What you should do:
Below this line are records; write out exactly the lines from the one containing "另一种控制方差的形式,是引入" through the one containing "I'm a-goin' where", with the pictures left out.

=====

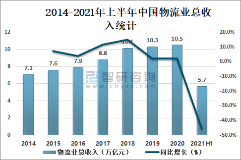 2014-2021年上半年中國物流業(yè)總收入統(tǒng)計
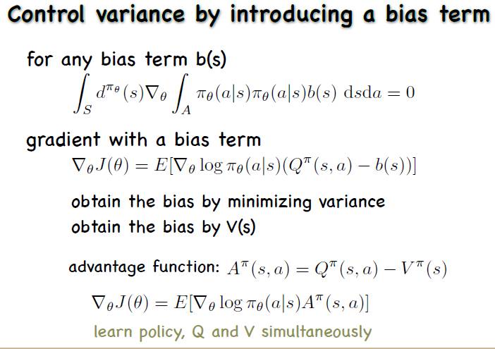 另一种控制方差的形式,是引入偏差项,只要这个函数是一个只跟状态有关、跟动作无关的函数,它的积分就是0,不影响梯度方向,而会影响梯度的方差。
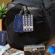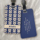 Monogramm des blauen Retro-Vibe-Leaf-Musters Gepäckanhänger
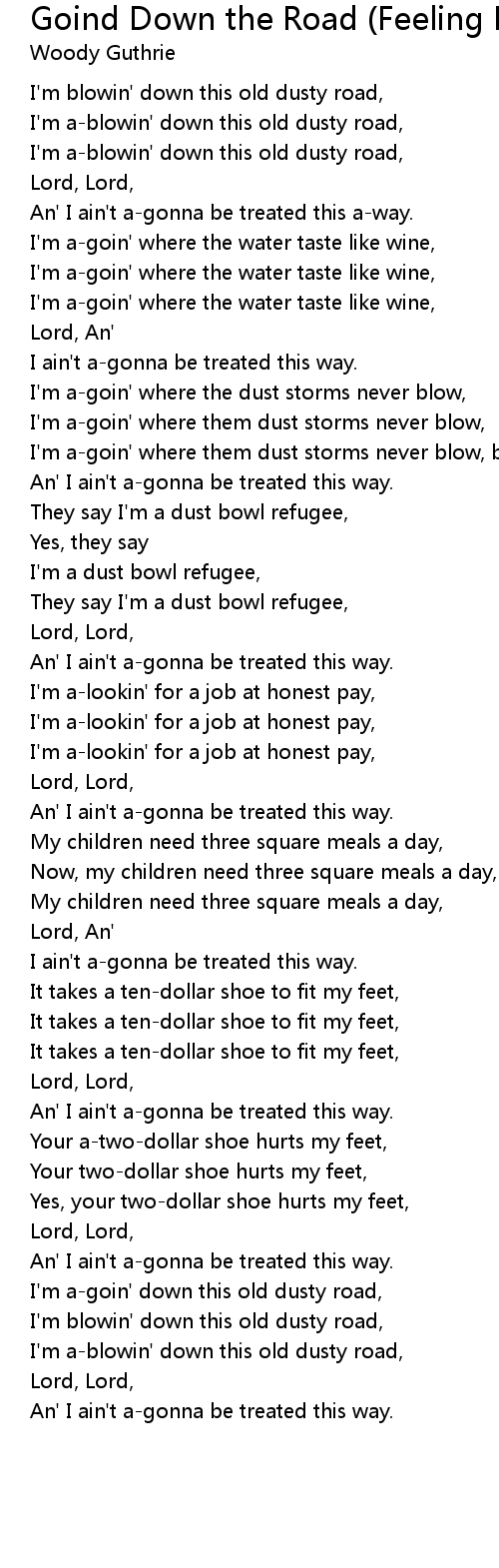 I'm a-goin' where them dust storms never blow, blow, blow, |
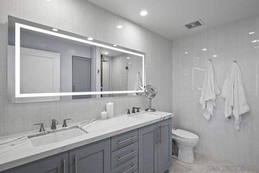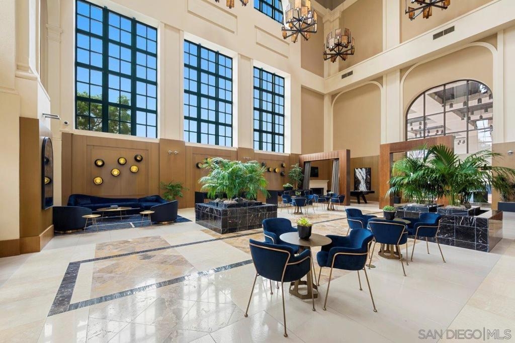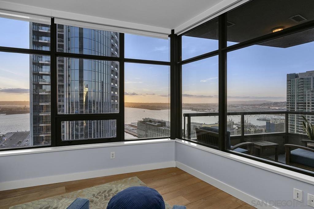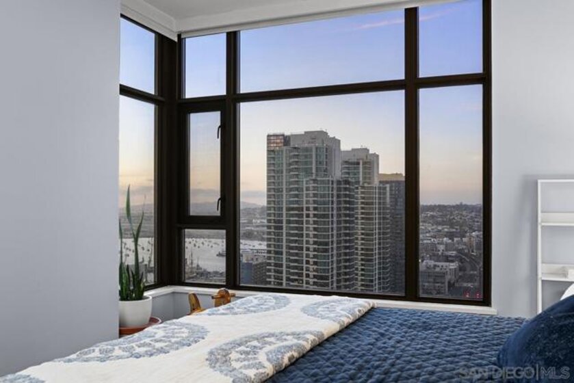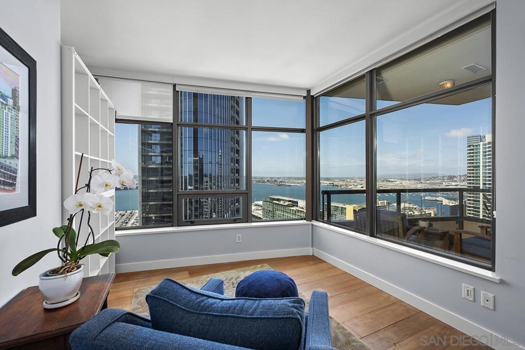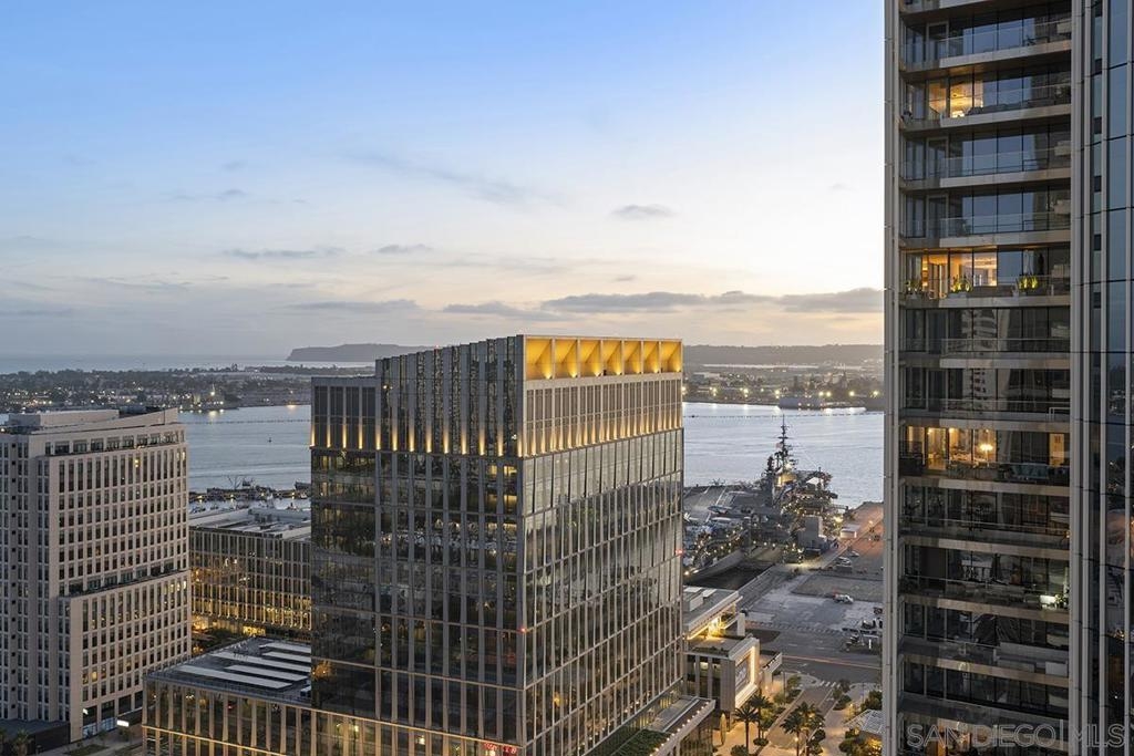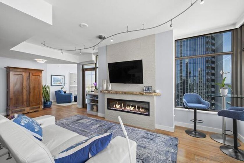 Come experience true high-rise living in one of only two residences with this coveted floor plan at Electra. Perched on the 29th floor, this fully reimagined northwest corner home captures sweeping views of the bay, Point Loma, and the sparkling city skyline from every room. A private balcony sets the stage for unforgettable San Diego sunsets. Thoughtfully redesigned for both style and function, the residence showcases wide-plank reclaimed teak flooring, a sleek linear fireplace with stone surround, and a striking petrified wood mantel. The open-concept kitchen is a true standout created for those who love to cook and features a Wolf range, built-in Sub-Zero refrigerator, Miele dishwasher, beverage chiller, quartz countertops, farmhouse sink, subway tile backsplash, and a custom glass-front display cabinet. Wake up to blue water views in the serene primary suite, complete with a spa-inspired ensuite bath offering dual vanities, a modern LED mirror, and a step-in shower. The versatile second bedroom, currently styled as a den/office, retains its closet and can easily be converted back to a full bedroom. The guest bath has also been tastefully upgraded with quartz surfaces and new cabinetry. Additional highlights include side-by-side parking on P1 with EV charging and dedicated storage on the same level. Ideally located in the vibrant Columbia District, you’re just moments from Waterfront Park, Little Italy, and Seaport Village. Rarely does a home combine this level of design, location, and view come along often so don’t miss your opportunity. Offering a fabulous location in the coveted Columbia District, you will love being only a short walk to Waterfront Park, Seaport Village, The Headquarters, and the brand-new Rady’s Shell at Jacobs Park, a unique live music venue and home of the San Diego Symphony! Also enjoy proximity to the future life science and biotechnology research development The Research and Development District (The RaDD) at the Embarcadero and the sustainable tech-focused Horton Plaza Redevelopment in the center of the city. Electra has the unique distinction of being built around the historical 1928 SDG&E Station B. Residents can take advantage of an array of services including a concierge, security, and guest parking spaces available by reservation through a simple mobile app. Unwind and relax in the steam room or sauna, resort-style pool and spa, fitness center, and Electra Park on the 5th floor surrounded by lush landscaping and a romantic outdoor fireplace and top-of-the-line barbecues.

=====

Task result:
 另一种控制方差的形式,是引入偏差项,只要这个函数是一个只跟状态有关、跟动作无关的函数,它的积分就是0,不影响梯度方向,而会影响梯度的方差。
 Monogramm des blauen Retro-Vibe-Leaf-Musters Gepäckanhänger
 I'm a-goin' where them dust storms never blow, blow, blow, |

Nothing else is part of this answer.